The Lighthouse - A lesson in Psycho-Fantastic Horror
The realism of the film is in an unexpectedly good balance with the pretentious abstractness on an epic scale.
The Lighthouse is one of those films that are difficult to classify in terms of genre. Somewhere between humorous horror fantasy and a psychological thriller about hallucinations and delusions, Robert Eggers' second feature film (who got celebrated with The Witch) is characterized by a technically flawless atmosphere and pompous ambitions to create a mythical work. Eggers wanted to make a school example for maximum use of the paradigm of isolated characters who cannot leave the location they are in, so he made a film that can best be described through several parallel and seemingly paradoxical features, as well as the two protagonists, calm seeker Thomas Wake (Willem Defoe) and the submissive but explosive Ephraim Winslow (Robert Pattinson).

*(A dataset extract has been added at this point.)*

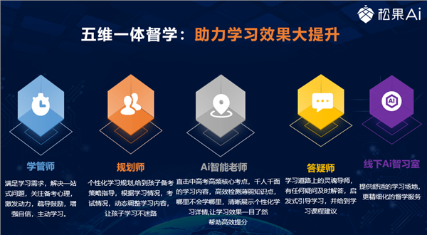 其中,松果Ai备考凭借学管师、规划师、Ai智能老师、在线答疑师以及线下Ai智习室五大维度,打破传统备考格局。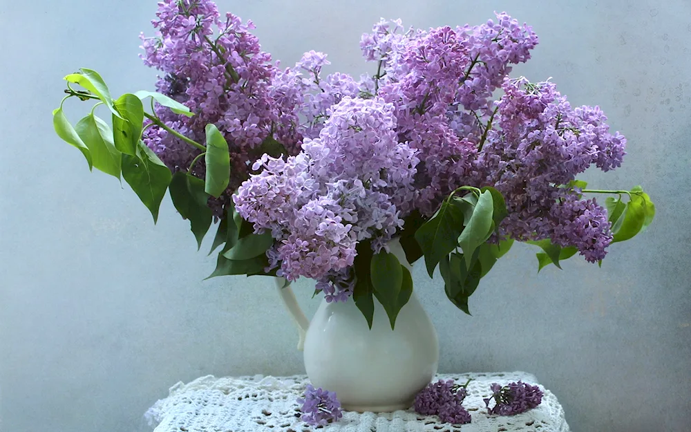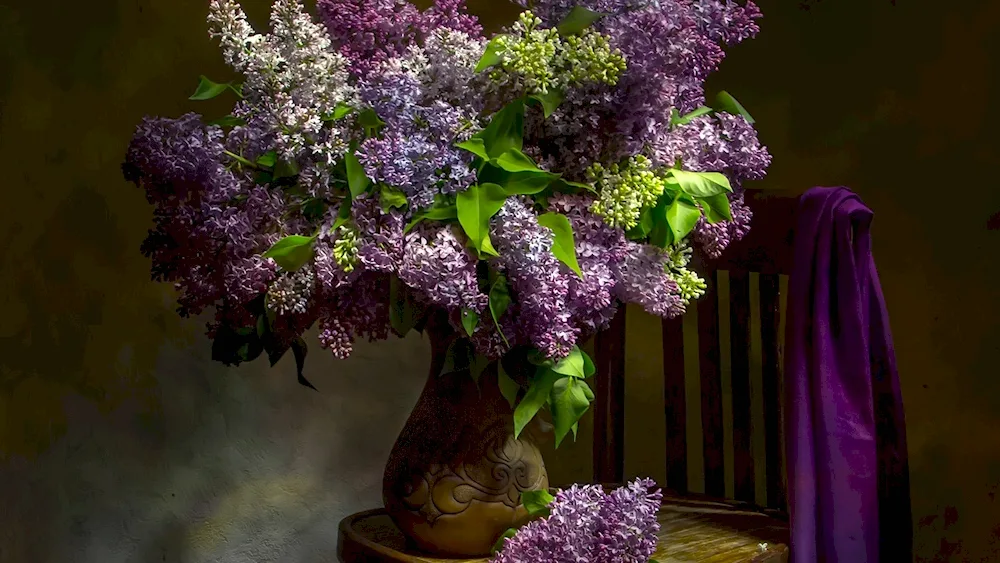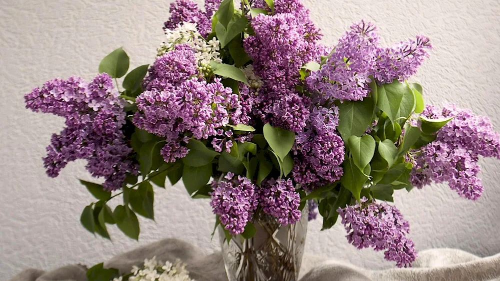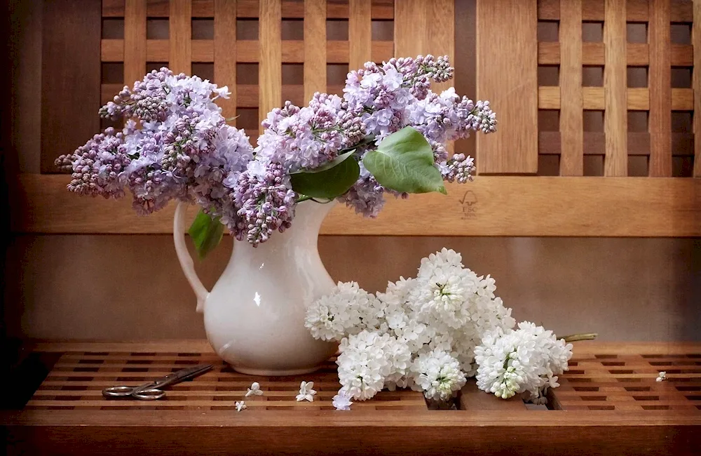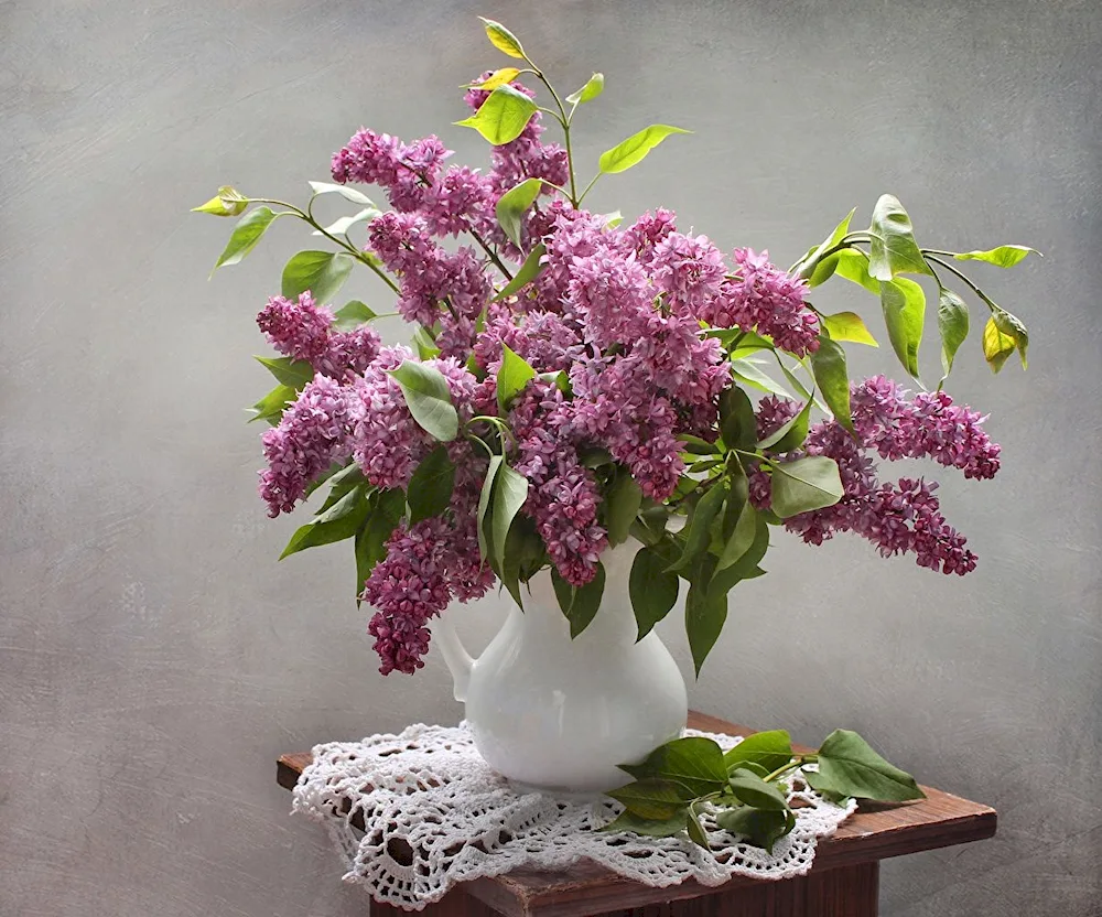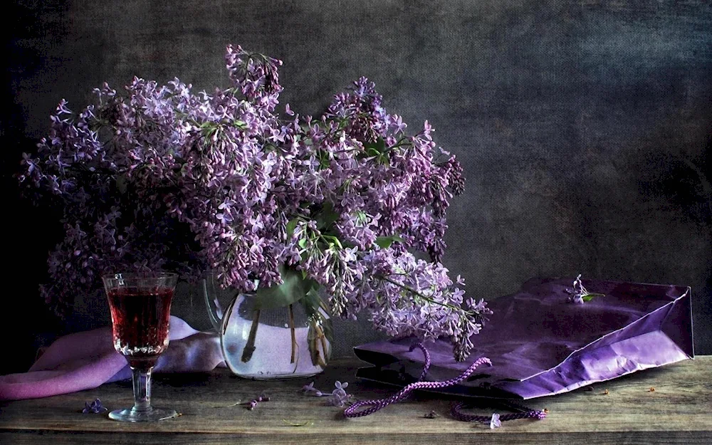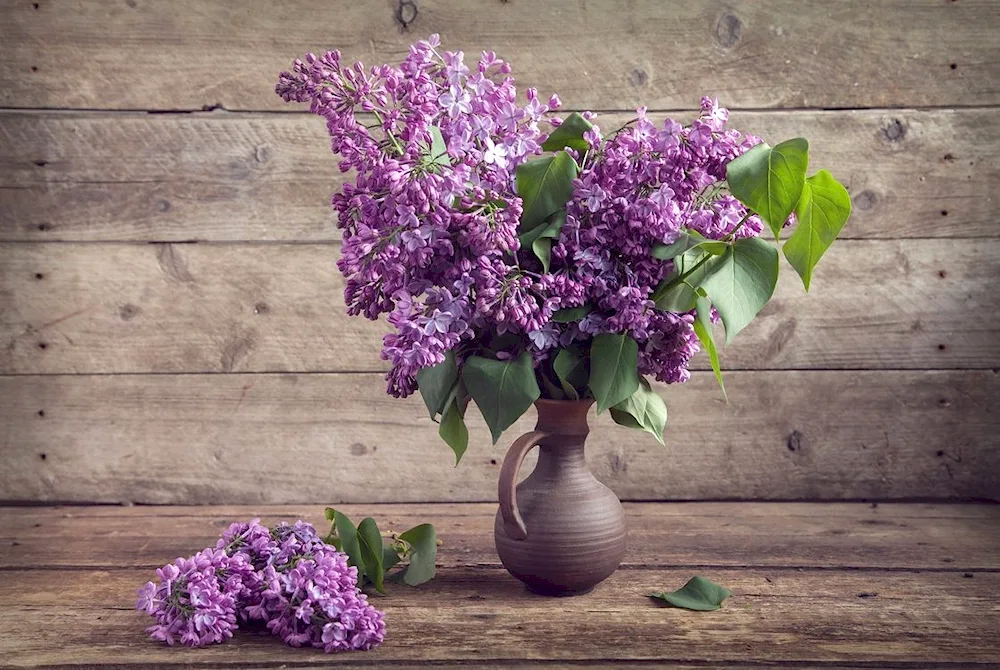 Photos of beautiful lilac flowers arranged in a glass vase, with soft natural light streaming in through a nearby window, creating a stunning and serene still life scene. The delicate purple hues of the lilac contrast beautifully with the clear glass vase, making it a perfect springtime centerpiece for any home decor.

With a relatively simple plot that, at first glance, does not leave much room for unexpected events (Wake and Winslow live on a small deserted island, maintaining the local lighthouse and the rooms in which they live), Eggers's second film is an original and multi-layered depiction of loneliness. , folk superstitions about the sea, Greek mythology and finally, the struggle for power between Wake and Winslow with subtle homoerotic tones. However, the realism of the film (presented through the difficult living conditions, Winslow's exhausting obligations imposed by Wake and all possible bodily fluids in the foreground) is in an unexpectedly good balance with the pretentious abstraction on an epic scale. With his performance of theatrically written monologues with a Shakespearean overtone, Defoe is brilliant as a tormented and insane former sailor, and Pattinson manages to match him only in rare moments. The tempo of the film (edited by Luiz Ford) is turbulent as a restless sea, which further blurs the line between reality and psychosis. As in the Romantic classics, the Eggers often use the changes of time as an announcement of the battles of the characters with themselves, the other and nature.
Taking contemporary cinema as a point of reference, The Lighthouse uses the retro aesthetics expected of a fairy tale that takes place in the late 1890s in an incredibly fresh and even hypnotic way (for which Jarin Blaske received an Oscar nomination). Sound design (thanks to Damian Volpe) exponentially increases the difficulty of the story, which culminates in the esoteric, so at one point the question arises whether the genius of Eggers actually lies in the fact that the already seen story of the madness caused by the impossibility of reaching the impossible in this case, ironically it is the central lamp in the lighthouse) to pack it in a new 21st-century arthouse area.
Despite the fact that sometimes it fails to rise completely above the horror tradition and to penetrate deeper into the consciousness of the main characters, "The Lighthouse" masterfully processes the metaphorical purgatory for sins. It is a pity that the coherence of the story is sometimes lost at the expense of the atmospheric scoring of the director's idea. On the contrary, the question would be even clearer to the audience: how do you deal with your demons?